01 - 2 cups all-purpose flour
02 - 2 tablespoons granulated sugar
03 - 1 teaspoon baking powder
04 - 1/2 teaspoon salt
05 - 2 large eggs
06 - 1/2 cup whole milk
07 - 2 tablespoons unsalted butter, melted
08 - 1 teaspoon vanilla extract

→ For Frying

09 - 3 cups vegetable oil

→ Topping

10 - 1 cup powdered sugar

# How to Prepare:

01 - In a large bowl, whisk together flour, granulated sugar, baking powder, and salt until evenly combined.
02 - In a separate bowl, beat eggs thoroughly, then add milk, melted butter, and vanilla extract. Mix until well incorporated.
03 - Pour wet ingredients into dry ingredients and stir until a soft, slightly sticky dough forms.
04 - Lightly flour a work surface, turn out the dough, and knead gently for 1 to 2 minutes until smooth and cohesive.
05 - Roll dough to approximately 1/4-inch thickness and cut into 2-inch squares or diamond shapes using a knife or pastry cutter.
06 - Heat vegetable oil in a deep pot to 350°F (175°C), monitoring temperature carefully with a thermometer.
07 - Fry dough squares in batches, turning once, until puffed and golden brown, approximately 1 to 2 minutes per side.

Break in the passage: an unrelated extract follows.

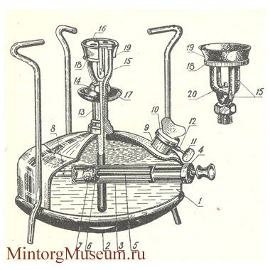 1 - резервуар; 2 - днище; 3 - трубка насоса; 4 - крышка насоса; 5 - шток насоса; 6 - гайка насоса; 7 - кожаный манжет насоса; 8 - клапан насоса; 9 - корпус наливного люка; 10 - крышка наливного люка; 11 - воздушный винт; 12 - трубка воздушного винта; 13 - штуцер; 14 - гайка горелки; 15 - трубчатая часть горелки; 16 - испарительная камера; 17 - чашечка; 18 - упорное кольцо; 19 - отражатель; 20 - форсунка (капсюль, ниппель)

Avoid overcrowding the pot.
08 - Remove fried pieces with a slotted spoon and drain on paper towels to remove excess oil.
09 - While still warm, generously dust with powdered sugar and serve immediately for optimal texture and flavor.

# Expert Advice:

01 -
  • These little pillows of fried goodness come together in just 40 minutes, making them perfect for last-minute Mardi Gras celebrations or whenever you need a bit of New Orleans magic.
  • The simple ingredients create something far greater than their sum, with that magical combination of warm, crispy exterior and tender, pillowy center that makes you close your eyes with each bite.
02 -
  • Keep your oil temperature steady at 350°F, as too cool will make soggy dough and too hot will burn the outside before the inside cooks.
  • The dough should be just sticky enough to hold together but still manageable, adding a touch more flour if its clinging too much to your hands.
03 -
  • After cutting your dough shapes, let them rest for 5-10 minutes before frying, which allows the gluten to relax and creates a more tender result.
  • When dusting with powdered sugar, use a fine mesh sieve held high above the fried dough for the most even, professional-looking coating.